In this video we're going to get YOLO pose estimation running on the Raspberry Pi 5. We're going to take a look at the installation process, the Python scripts needed to run it, as well as how to optimize it to get some smoother FPS on the Pi. This is going to be a fun video so let's get right into it. To follow along we're going to need a few things, obviously a Raspberry Pi. We're using the Pi 5 because this will be a fairly processing intensive task. You're also going to need a Pi camera module, we're using the camera module 3 here, and you may also need an adapter cable. The Pi 5 shipped with a smaller camera connector and your camera might not come with the required adapter cable, so it's worth checking. You'll also need all the other essentials like a microSD card to install PiOS onto, a power supply, monitor, keyboard, mouse, all that junk. And you'll of course need a cooling solution for the Pi, we're just using the active cooler here. You'll find links to all of these in the written guide below, where you'll also find the zip file with all the code that you'll need for this video. In terms of hardware assembly, we don't really have much here, just plug the camera into the Pi with the ribbon cable, just ensure that you plug it in the correct way because it only works in one orientation. Also try to be careful with these ribbon cables, they're not made out of paper but they will break if you don't look after them and you bend and curl them too much. And we're also just going to find a way to mount our camera as well.
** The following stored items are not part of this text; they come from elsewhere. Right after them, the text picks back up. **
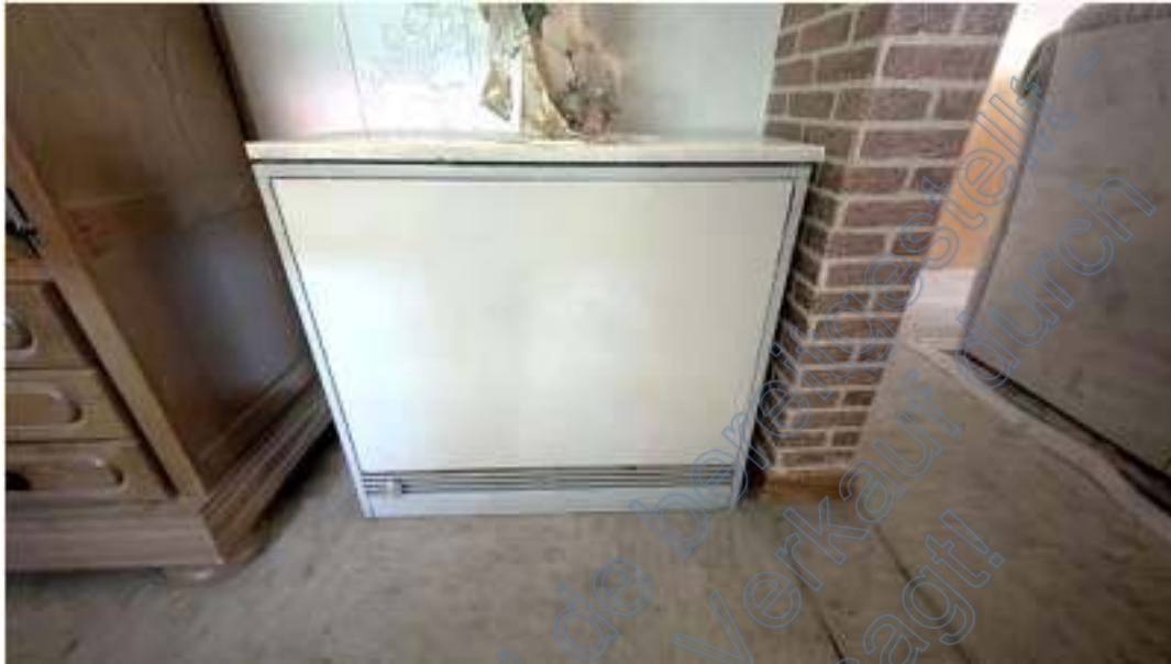
Bild C1 Beispiel Haustechnik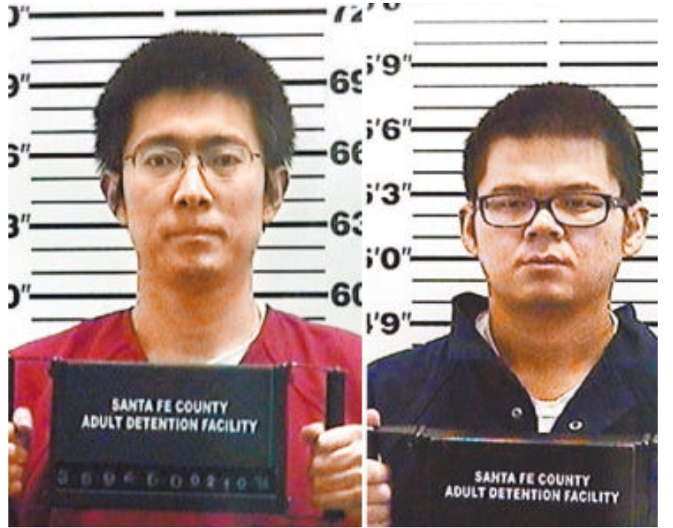
两名被指控走私军用传感器的中国人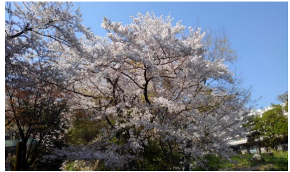
青空をバックに咲く桜。素晴らしい風景です！

花は散り、次は新芽になり、若葉の薄い色は、成長と共に色を変える様子が私はとても大好きです。夏になると暑い日差しの下では木陰を作り私達を又、癒してくれます。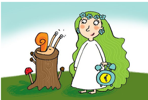
2 Vila Budínka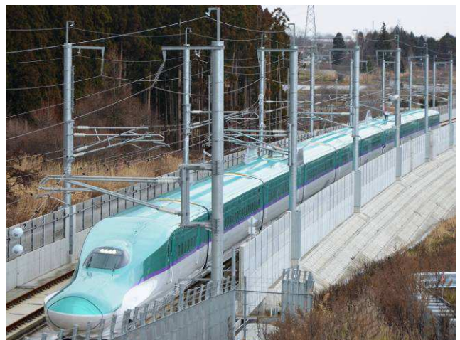
H5系車両 走行試験中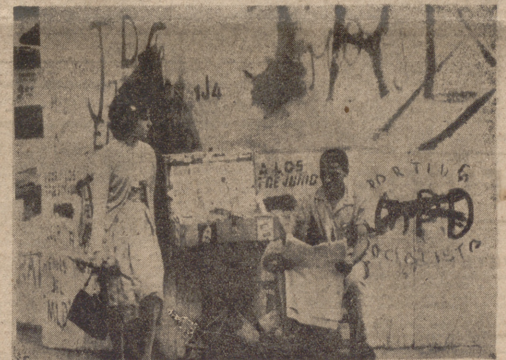
SANTO DOMINGO.—Un vendedor ambulante lee las noticias sentado de espaldas a una valla llena de iniciales de los diferentes partidos que luchan por el poder. Por primera vez en casi cuarenta años la República Dominicana celebra elecciones presidenciales, en las que participan veintiocho partidos.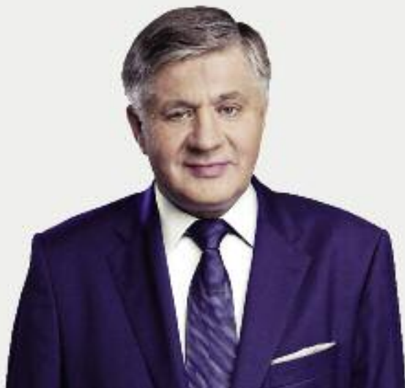
Krzysztof Jurgiel, minister rolnictwa i rozwoju wsi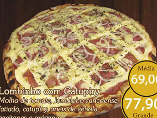
Lombinho com Catupiry Molho de tomate, lombinho canadense fatiado, catupiry, anéis de cebola, azeitonas e orégano.

Disponível de Segunda à Sábado a partir das 17 horas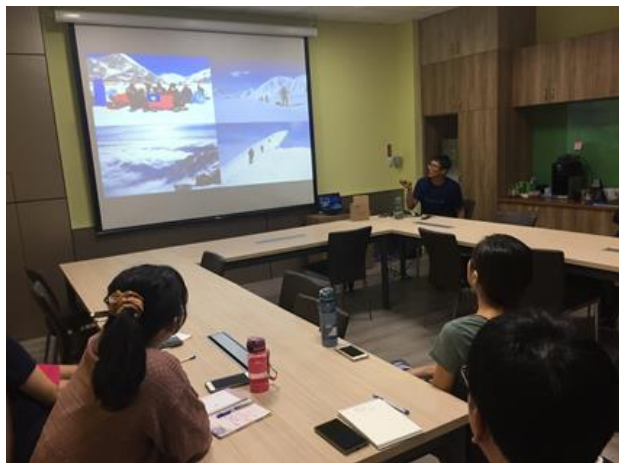
社群老師專心聆聽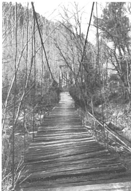
El pont Penjat.

Ara fa uns 15 anys que les mines van tancar i l'aigua tornà a ser neta, clara i quasi transparent. Tornen a viure-hi peixos, libèl·lules i calabotins; en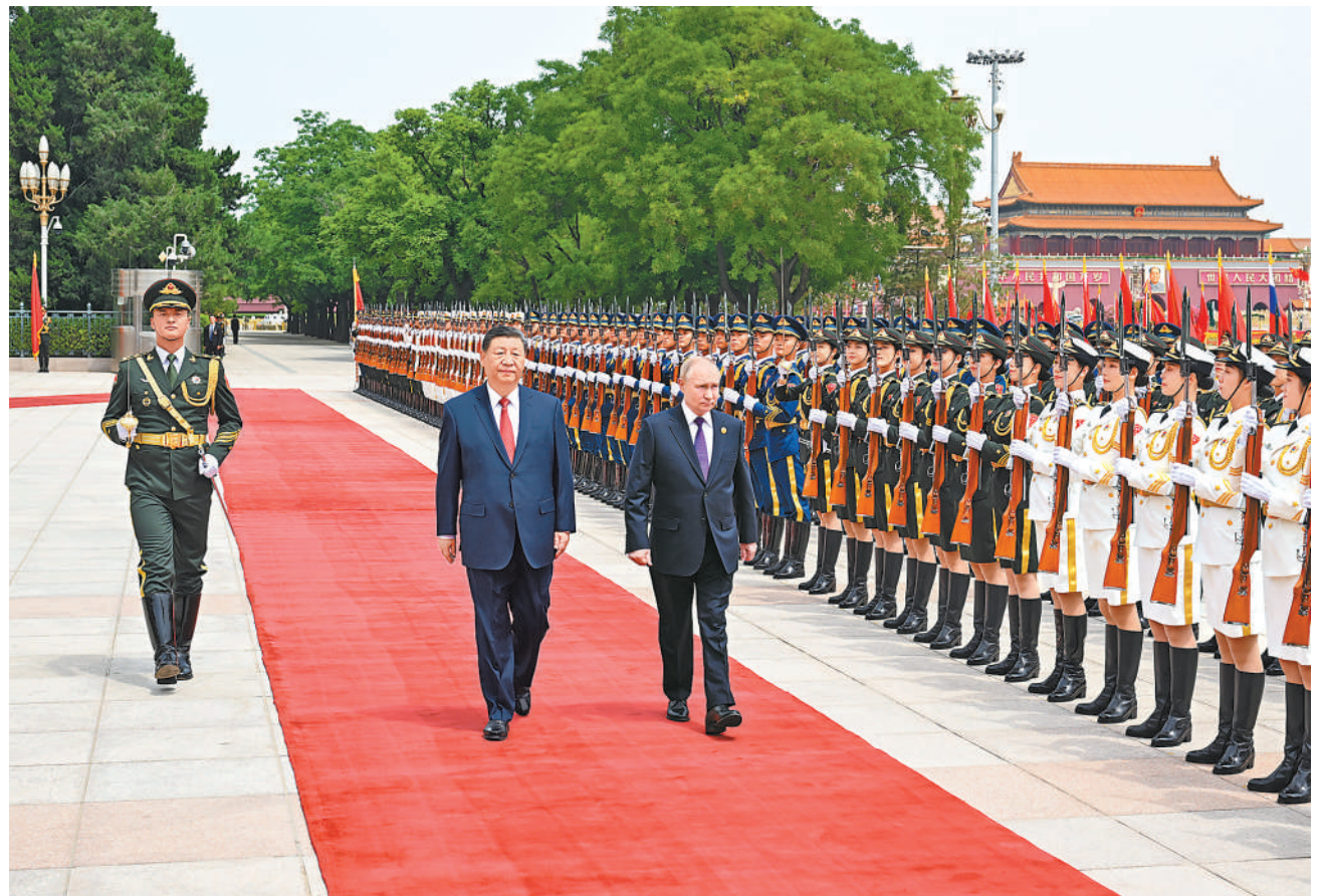
5月16日上午,国家主席习近平在北京人民大会堂同来华进行国事访问的俄罗斯总统普京举行会谈。这是会谈前,习近平在人民大会堂东门外广场为普京举行隆重欢迎仪式。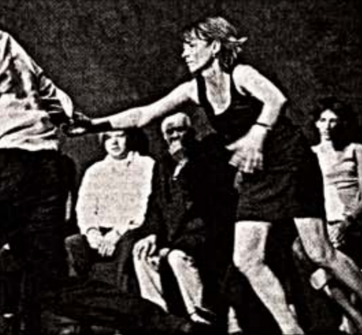
Сцены из спектаклей "Чайка" (слева) и "Свадьба Фигаро"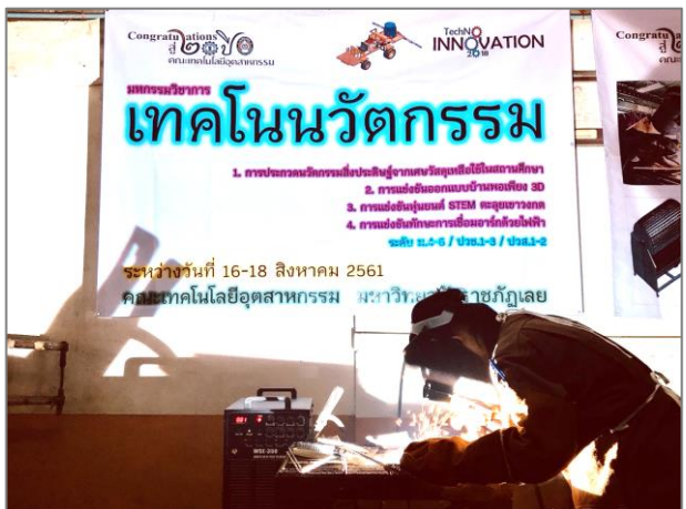
ภาพที่ 9 การประชาสัมพันธ์การจัดการศึกษาและการประกวดแข่งขันทักษะวิชาชีพ

First of all, you're going to need to use another computer to install PiOS onto the microSD card using Raspberry Pi Imager. Super straightforward process, but if you need help, you'll find it in our written guide below. Once we've installed PiOS, go through the first time setup and ensure that you connect it to the internet, there's nothing fancy you need to do here. Once we're in the desktop, we can get started. First things first, we need to install and set up the Ultralytics YOLO package. If you've already done this in any of our other YOLO guides, you can skip this step and head on right over to here. If not, let's get into it. First things first, we need to set up a virtual environment to install all of our external packages into. And I'm just going to call this one YOLO-pose and then I'm going to enter the workspace like so. If you need a hand working with virtual environments on the Pi, we have a getting started guide link in description for that. Once we're inside of our environment, we can update our package list and just with these two lines, double check that our version of PIP is updated. And once we've done that all, we can finally install our Ultralytics library like so. Now, there is a lot going on in this installation and it can take a good 15, 30, maybe even 45 minutes depending on your setup. So go and grab a cup of tea or whatever you need, but keep an eye on it. Sometimes the installation can run into an issue and you'll see a big wall of red text, but just run that installation line again and it will resume. Once that installation is finished, go ahead and restart your Pi. The next thing we need to do is set up Thonny. Now, the first time that you open it, it will be in this simplified mode. Just click on the top right here and restart it to get back into the regular mode. And then we'll go ahead and get Thonny to work out of that virtual environment that we just created. Again, if you need a hand with this, there is a guide linked below.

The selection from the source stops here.